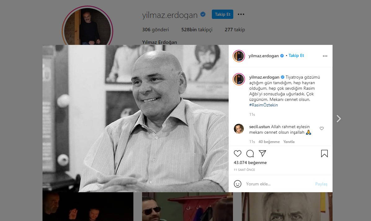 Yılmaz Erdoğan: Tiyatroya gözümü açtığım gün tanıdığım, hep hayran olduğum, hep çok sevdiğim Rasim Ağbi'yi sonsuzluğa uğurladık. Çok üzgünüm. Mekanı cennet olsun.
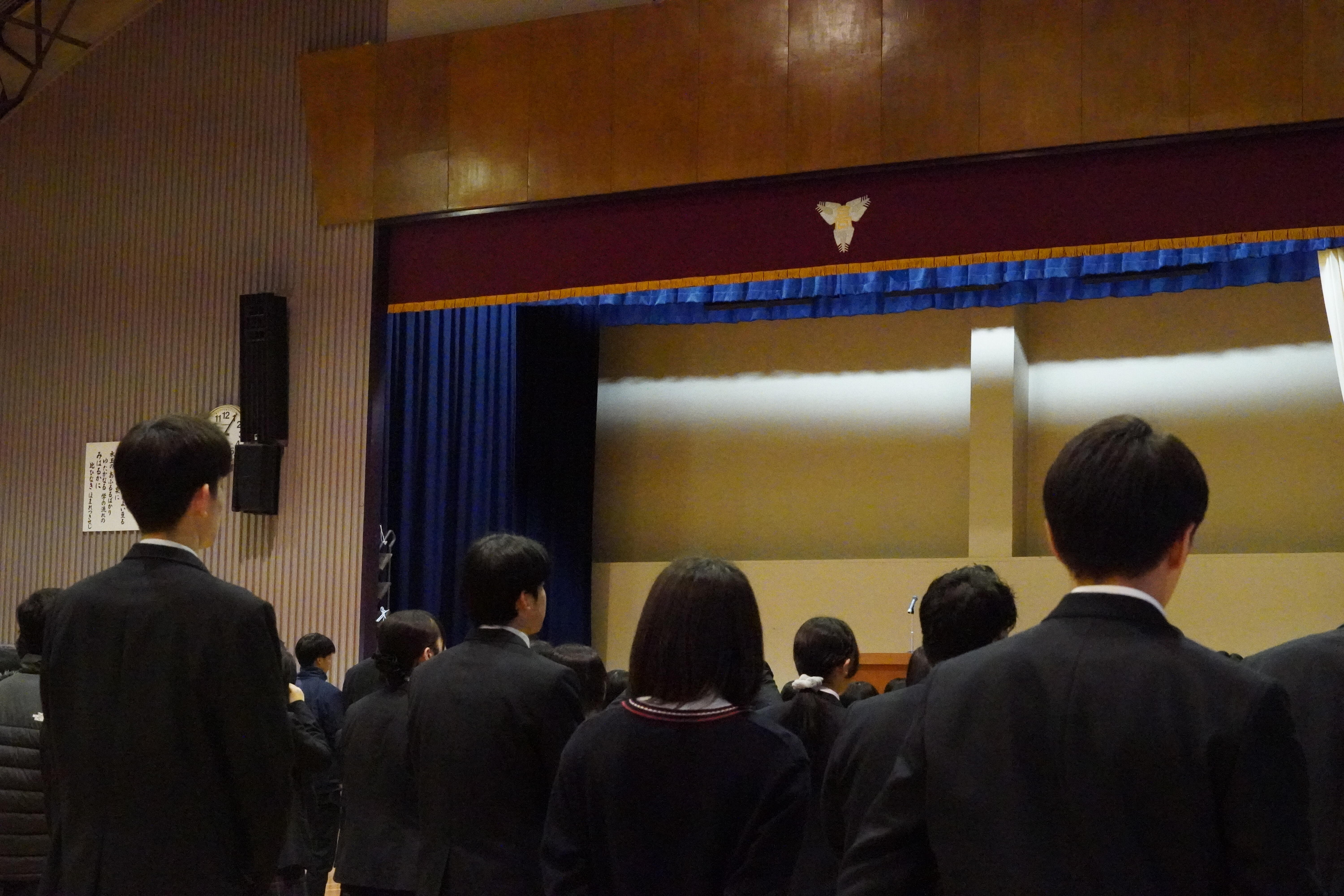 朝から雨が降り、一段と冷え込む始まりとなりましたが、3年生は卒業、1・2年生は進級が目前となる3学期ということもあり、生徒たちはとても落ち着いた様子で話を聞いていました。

::::::::

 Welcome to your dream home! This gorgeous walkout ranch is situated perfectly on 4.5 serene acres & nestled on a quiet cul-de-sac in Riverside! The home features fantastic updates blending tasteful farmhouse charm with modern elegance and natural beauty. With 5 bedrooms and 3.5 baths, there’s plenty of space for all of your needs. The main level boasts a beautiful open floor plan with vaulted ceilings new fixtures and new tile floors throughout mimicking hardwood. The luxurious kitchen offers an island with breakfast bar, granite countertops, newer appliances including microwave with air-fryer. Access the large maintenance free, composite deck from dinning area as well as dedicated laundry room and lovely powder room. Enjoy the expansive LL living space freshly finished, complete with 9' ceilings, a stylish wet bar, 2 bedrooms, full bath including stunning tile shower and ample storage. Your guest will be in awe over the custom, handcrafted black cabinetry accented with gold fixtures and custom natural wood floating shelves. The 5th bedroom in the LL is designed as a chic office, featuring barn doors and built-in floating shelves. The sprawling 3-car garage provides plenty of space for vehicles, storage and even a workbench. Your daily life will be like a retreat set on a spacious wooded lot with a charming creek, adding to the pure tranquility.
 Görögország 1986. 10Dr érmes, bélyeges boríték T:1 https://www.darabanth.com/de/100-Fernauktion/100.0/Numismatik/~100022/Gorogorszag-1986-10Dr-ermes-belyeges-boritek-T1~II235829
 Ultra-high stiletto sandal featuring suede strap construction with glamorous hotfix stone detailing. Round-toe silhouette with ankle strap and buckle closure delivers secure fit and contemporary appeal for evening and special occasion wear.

::::::::

# EXERCISE INSTRUCTIONS
For this exercise, return exactly the lines above from the line with "Yılmaz Erdoğan: Tiyatroya" through the line with "朝から雨が降り、一段と冷え込", both included. Do not copy the pictures.

# ANSWER TO THE EXERCISE
 Yılmaz Erdoğan: Tiyatroya gözümü açtığım gün tanıdığım, hep hayran olduğum, hep çok sevdiğim Rasim Ağbi'yi sonsuzluğa uğurladık. Çok üzgünüm. Mekanı cennet olsun.
 朝から雨が降り、一段と冷え込む始まりとなりましたが、3年生は卒業、1・2年生は進級が目前となる3学期ということもあり、生徒たちはとても落ち着いた様子で話を聞いていました。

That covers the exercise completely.